Kamis, 31 Oktober 2013

Optimislah! (Priskila Huwae)

   Waktu itu saya duduk di kelas 2 SMP, ketika mengetahui salah satu kerabat saya menderita kanker payudara. Beliau seorang wanita, yang sudah memasuki usia empat puluhan. Namun, beliau tidak menikah. Setiap kali berkunjung ke rumah beliau, saya selalu tidak berani lewat di depan kamarnya. Saudara-saudara saya yang lain yang sudah besar dan sudah melihat kondisi beliau mengatakan kanker payudara sangat mengerikan. Mereka mengatakan payudara beliau yang terkenena kanker sudah menjadi luka yang berbentuk seperti bunga mawar merah. Ketika itu tidak ada gambaran sama sekali di kepala saya tentang bagaimana kanker yang bisa menyebabkan luka seperti itu. Karena saya pernah bertemu dengan orang-orang yang menderita kanker yang lain, tetapi tidak sampai menunjukan luka di bagian fisik mereka. Beliau tidak bisa bertahan, dan akhirnya beliau meninggal karena penyakit tersebut ketika saya duduk di kelas 3 SMP.
     Sampai minggu lalu pun saya masih bingung mengapa kanker payudara terdengar sangat mengerikan bagi wanita. Mengapa mengangkat salah satu payudara menjadi sesuatu hal yang bisa menyebabkan stres. Saya sering menonton kesaksian wanita yang terkena kanker payudara, yang mengaku stres dan sedih ketika harus memutuskan mengangkat salah satu payudaranya yang terkena kanker. Namun, semua pertanyaan saya itu terjawab ketika menonton sebuah dokumentasi tentang rekonstruksi payudara seorang wanita yang dulunya terkena kanker payudara di kelas psikologi perempuan.
     Dalam film itu didokumetasikan proses rekonstruksi payudara seorang wanita. Wanita ini mengalami kanker payudara yang mengakibatkan payudara sebelah kanannya harus diangkat. Wanita ini ingin membuat kembali payudaranya yang telah diangkat tersebut. Saat pertama kali diperlihatkan dada bagian kanan wanita tersebut, yang seharusnya terdapat payudara, terlihat kosong. Kosong dan datar, tidak ada payudara di sana, puting pun tidak ada. Saat itu juga saya mengerti mengapa mengangkat payudara bisa menyebabkan stres atau bahkan kesedihan yang mendalam bagi seorang wanita.
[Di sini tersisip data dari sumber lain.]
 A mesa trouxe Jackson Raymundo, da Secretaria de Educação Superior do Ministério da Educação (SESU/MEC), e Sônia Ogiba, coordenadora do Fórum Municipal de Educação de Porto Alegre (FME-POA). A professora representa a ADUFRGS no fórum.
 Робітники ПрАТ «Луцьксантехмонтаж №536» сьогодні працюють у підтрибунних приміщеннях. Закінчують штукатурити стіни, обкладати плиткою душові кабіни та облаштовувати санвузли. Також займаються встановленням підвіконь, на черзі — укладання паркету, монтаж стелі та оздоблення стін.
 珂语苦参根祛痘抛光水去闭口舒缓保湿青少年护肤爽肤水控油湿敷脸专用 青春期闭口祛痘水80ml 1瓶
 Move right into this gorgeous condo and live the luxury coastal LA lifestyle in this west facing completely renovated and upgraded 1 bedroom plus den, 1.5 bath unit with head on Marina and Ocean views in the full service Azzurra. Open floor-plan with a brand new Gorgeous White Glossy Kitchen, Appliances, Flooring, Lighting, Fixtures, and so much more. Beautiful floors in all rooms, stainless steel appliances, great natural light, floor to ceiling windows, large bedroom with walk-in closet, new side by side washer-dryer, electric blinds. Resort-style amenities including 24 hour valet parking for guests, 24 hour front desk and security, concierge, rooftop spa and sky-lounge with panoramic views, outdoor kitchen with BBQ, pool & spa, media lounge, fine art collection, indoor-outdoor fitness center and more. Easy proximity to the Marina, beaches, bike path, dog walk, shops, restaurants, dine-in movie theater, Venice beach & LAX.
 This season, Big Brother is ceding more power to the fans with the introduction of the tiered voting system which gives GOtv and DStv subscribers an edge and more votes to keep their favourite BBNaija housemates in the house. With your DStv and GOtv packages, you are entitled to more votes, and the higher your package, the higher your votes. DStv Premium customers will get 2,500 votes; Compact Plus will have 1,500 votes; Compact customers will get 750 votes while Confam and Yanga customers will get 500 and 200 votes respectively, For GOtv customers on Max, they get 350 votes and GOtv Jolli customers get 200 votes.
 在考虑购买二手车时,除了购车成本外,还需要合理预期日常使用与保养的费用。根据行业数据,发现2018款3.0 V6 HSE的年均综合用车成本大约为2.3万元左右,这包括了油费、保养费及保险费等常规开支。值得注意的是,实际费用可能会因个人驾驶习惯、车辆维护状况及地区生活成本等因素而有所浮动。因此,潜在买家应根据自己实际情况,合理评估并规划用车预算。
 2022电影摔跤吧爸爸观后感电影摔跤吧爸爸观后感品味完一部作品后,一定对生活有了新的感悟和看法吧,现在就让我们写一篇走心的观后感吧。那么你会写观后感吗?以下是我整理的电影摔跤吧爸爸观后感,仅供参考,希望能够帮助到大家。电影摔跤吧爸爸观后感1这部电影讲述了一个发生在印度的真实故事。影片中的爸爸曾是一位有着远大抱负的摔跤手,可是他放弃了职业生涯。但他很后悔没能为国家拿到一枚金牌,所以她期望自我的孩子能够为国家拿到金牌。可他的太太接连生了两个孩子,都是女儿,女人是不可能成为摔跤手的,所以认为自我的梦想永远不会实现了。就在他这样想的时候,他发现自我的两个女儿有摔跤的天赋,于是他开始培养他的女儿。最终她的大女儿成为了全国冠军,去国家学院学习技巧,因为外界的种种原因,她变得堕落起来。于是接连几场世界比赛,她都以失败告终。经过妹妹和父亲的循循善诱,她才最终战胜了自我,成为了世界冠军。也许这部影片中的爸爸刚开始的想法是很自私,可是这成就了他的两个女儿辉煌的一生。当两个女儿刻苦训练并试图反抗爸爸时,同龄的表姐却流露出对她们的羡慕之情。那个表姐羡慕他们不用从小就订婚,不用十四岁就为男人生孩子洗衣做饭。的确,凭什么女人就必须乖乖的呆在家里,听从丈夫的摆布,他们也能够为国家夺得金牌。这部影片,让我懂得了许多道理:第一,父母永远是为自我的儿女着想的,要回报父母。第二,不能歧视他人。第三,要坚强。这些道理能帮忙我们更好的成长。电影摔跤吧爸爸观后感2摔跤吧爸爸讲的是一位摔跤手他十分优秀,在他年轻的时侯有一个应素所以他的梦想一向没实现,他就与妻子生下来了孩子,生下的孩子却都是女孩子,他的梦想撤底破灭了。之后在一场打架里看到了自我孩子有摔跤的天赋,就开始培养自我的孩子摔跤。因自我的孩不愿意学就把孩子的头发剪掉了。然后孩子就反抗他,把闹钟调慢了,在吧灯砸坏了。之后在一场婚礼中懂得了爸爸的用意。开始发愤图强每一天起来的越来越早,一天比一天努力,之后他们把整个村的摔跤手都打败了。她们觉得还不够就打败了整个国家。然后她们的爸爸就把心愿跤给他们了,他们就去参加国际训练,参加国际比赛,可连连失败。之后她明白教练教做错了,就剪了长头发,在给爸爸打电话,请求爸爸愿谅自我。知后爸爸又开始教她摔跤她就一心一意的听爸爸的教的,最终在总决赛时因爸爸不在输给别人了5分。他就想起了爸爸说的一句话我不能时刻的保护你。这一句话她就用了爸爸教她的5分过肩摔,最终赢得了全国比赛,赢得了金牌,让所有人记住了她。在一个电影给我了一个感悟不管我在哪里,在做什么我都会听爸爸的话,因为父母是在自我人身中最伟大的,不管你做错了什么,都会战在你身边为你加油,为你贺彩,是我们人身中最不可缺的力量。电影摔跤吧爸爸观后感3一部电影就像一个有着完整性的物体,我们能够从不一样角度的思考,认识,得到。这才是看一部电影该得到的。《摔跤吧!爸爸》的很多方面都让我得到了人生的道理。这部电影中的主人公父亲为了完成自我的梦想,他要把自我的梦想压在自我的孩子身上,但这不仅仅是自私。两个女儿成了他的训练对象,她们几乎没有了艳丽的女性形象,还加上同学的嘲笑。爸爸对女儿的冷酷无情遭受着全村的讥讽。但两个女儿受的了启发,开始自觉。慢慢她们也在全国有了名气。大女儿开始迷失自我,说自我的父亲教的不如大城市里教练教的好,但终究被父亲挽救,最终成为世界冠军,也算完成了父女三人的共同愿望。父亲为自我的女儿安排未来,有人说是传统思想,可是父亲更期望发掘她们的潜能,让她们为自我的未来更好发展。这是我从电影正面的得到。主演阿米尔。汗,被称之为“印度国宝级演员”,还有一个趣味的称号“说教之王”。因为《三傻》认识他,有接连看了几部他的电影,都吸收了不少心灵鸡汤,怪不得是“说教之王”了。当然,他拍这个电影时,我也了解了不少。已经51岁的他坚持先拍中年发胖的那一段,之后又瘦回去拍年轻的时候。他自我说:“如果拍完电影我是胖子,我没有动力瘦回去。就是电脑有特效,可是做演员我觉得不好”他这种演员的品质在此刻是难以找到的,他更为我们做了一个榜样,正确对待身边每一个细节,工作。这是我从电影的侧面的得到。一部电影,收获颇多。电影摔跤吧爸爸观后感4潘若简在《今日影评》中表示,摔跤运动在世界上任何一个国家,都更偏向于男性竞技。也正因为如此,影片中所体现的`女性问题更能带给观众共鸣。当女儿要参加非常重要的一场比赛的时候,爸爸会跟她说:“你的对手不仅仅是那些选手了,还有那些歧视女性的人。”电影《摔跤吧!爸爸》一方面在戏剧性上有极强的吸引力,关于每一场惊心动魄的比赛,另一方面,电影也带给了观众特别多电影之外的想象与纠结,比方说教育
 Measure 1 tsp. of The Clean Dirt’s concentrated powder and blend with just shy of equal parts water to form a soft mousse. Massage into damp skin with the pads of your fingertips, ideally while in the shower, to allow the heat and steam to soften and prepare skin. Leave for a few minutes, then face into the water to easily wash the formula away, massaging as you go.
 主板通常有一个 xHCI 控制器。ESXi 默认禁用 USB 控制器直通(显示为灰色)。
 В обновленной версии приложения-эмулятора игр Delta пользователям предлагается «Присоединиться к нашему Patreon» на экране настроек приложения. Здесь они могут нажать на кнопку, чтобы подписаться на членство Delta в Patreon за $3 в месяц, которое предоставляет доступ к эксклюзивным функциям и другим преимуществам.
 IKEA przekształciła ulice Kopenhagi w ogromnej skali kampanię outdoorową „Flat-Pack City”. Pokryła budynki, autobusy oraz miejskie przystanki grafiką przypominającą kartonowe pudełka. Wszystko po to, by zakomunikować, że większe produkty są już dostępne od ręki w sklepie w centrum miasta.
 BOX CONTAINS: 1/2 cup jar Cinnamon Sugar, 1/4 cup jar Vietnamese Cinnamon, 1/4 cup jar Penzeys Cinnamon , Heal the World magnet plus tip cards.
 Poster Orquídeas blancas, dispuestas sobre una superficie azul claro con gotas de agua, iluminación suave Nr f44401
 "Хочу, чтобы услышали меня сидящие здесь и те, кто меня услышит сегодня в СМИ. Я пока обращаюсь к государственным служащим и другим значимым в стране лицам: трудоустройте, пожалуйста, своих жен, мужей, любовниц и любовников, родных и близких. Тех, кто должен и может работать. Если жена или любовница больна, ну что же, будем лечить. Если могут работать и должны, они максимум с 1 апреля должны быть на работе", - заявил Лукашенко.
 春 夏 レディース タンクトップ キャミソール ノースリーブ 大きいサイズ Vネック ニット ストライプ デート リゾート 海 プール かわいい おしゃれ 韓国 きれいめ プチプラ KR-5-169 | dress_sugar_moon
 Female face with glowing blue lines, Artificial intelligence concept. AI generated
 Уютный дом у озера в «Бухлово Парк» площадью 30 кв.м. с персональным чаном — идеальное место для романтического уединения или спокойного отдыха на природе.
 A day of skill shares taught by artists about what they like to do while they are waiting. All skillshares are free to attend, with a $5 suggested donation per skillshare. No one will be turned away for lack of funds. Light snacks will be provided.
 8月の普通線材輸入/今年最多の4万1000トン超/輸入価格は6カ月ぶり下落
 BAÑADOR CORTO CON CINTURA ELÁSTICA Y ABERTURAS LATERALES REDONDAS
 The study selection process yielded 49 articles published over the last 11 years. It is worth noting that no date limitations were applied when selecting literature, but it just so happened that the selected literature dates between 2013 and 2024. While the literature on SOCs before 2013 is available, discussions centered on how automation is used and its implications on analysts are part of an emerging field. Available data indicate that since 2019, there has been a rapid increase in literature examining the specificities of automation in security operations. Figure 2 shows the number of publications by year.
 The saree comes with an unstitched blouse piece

Ini seperti kehilangan organ yang sangat penting. Saat itu saya berbisik kepada teman disebelah saya “pantesan perempuan bisa stres kalau payudaranya diangkat.” Teman saya menjawab, “iya, bayangin aja payudara itu udah nemenin kamu bertahun-tahun, dan tiba-tiba harus hilang.”
 Dokter menawarkan dua bentuk operasi kepada wanita tersebut. Pertama, merekonstruksi payudara kanannya menggunakan silikon, atau bahan buatan. Kedua, merekonstruksi payudara kanannya menggunakan jaringan yang ada di tubuhnya sendiri. Dokter menjelaskan jaringan itu akan diambil dari perut wanita tersebut. Operasi ini menguntungkan karena selain berasal dari jaringannya sendiri, wanita ini juga bisa sekaligus mengecilkan bentuk perutnya yang sudah besar dan memiliki banyak lemak. Akhirnya wanita ini memutuskan untuk memiliki option yang kedua. Operasi pun dilakukan, dan berhasil dengan baik. Wanita ini akan kembali melakukan operasi untuk membuat bagian putingnya. Setelah operasi yang pertama selesai terlihat wanita ini bahagia dan lebih percaya diri.

     Banyak hal yang bisa saya ambil dari film yang saya tonton ini. Bagaimana sikap wanita yang menderita kanker ini tidak putus asa akan penyakitnya. Ia sudah melakukan banyak sekali operasi, dan usaha yang ia lakukan ini membuahkan hasil. Ia bisa sembuh dan mendapatkan payudara yang baru. Mungkin ini yang harus kita contoh saat kita mengalami masalah, apapun itu, sakit sekalipun. Kita harus optimis, dan percaya pasti ada jalan keluar dari masalah-masalah kita. Pesan lain yang saya dapat dari film ini adalah, pentingnya menjaga kesehatan. Jalanilah pola hidup yang sehat dan teratur. Seperti kata pepatah, “lebih baik mencegah dari pada mengobati.”